Answer
The maximum kinetic energy of the block is $~~2.64~J$
Work Step by Step
$F(x) = (2.5-x^2)\hat{i}~N$
Initially, the force is directed in the +x direction. The block will accelerate in the +x direction until $F(x) = 0$. Then the force is directed in the -x direction so the block will start to decelerate.

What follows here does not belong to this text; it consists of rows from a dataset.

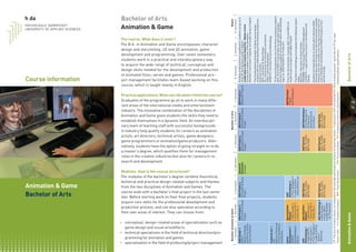 Der Bachelor of Arts in Animation und Game vermittelt über sieben Semester Kenntnisse in Charakterdesign, Storytelling, 2D- und 3D-Animation, sowie in der Spieleentwicklung und Programmierung. Absolventen arbeiten in der internationalen Medien- und Unterhaltungsindustrie oder setzen ihr Studium in einem Master fort, um Führungspositionen zu erreichen. Die Ausbildung schließt mit einem finalen Projekt ab, und die Studierenden wählen Spezialisierungen in kreativen und technischen Bereichen.
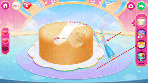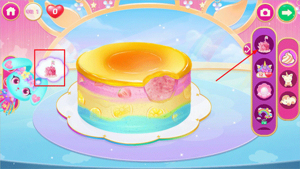 蛋糕烘烤完成后,选择右侧的蛋糕颜色,并用涂抹工具将其均匀地涂抹到蛋糕坯上。你可以根据客人的喜好调整颜色和装饰,让蛋糕看起来既美味又具有吸引力。
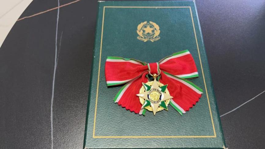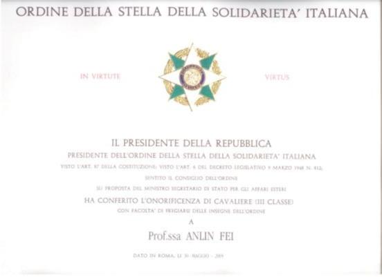 (意大利總統(tǒng)向費(fèi)安玲頒發(fā)的“意大利共和國騎士勛章”及證書。說明:證書中的“ANLIN FEI”應(yīng)為“ANLING FEI”。)
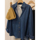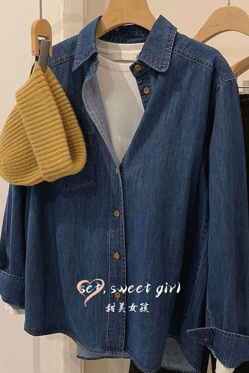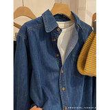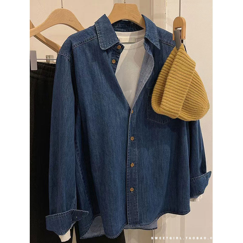 Весенний осенний ретро синий дизайнерский джинсовый лонгслив, рубашка, тренд сезона, подходит для подростков
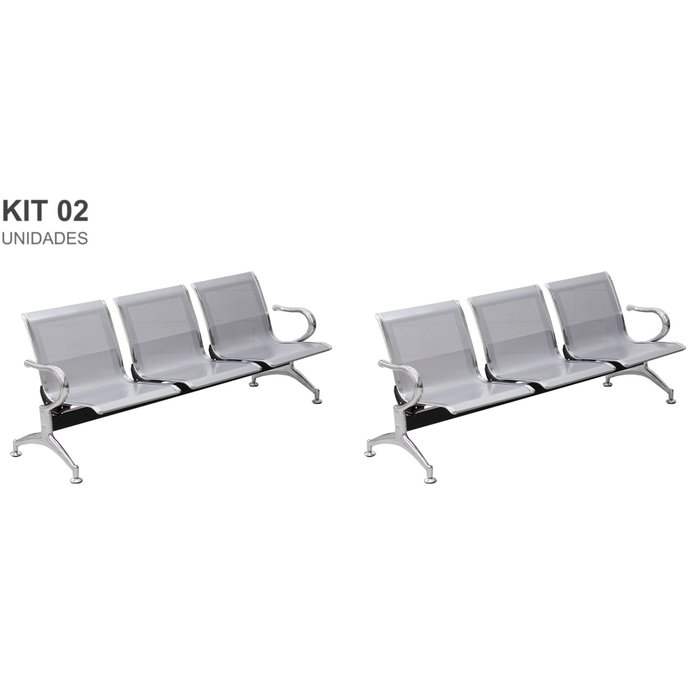 Kit com 02 Cadeiras Longarina Aeroporto Cromada 3 Lugares
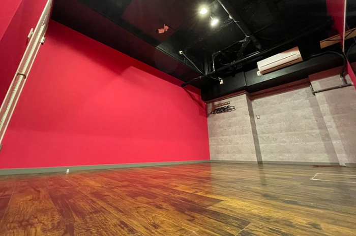 スタジオの入口前で靴を脱いでいただき、電気を点けてお使いください。受付での手続きなどは一切ございません。
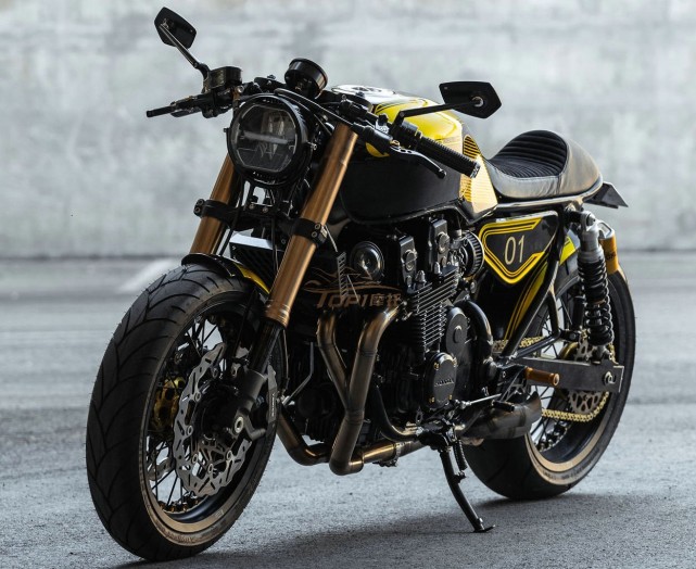 七十年代的本田CBcaféracer,由葡萄牙人深度打造,以1996 Seven-Fifty為靈感。采用GSX-R的前叉、Öhlins的后減震,17英寸Kineo輻條輪輞,皮革駝峰咖啡座墊,黑色和金色搭配的漆面,充滿復(fù)古感和未來感!
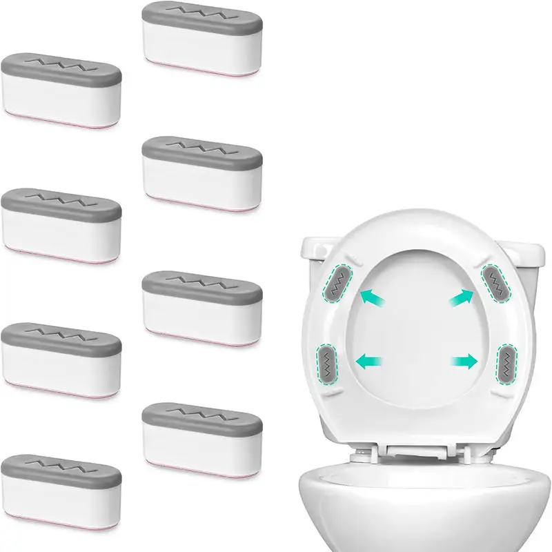 5.Fonction and design: Antislip or increase the height of the toilet seat, the size of the bumpers fit most models of toilet seats.

The block reaches its maximum kinetic energy when $F(x) = 0$
We can find $x$ when $F(x) = 0$:
$2.5-x^2 = 0$
$x^2 = 2.5$
$x = \sqrt{2.5}$
$x = 1.58~m$
We can find the work done on the block by the force from $x=0$ to $x=1.58~m$:
$W = \int^{1.58}_{0}(2.5-x^2)~dx$
$W = (2.5x-\frac{1}{3}x^3)~\Big\vert^{1.58}_{0}$
$W = (2.5)(1.58)-\frac{1}{3}(1.58)^3- [(2.5)(0)-\frac{1}{3}(0)^3)]$
$W = 3.95-1.31-0$
$W = 2.64~J$
The work done on the block by the force is $~~2.64~J$
Since the block started from rest, the kinetic energy of the block will be equal to the work done on the block by the force.
The maximum kinetic energy of the block is $~~2.64~J$.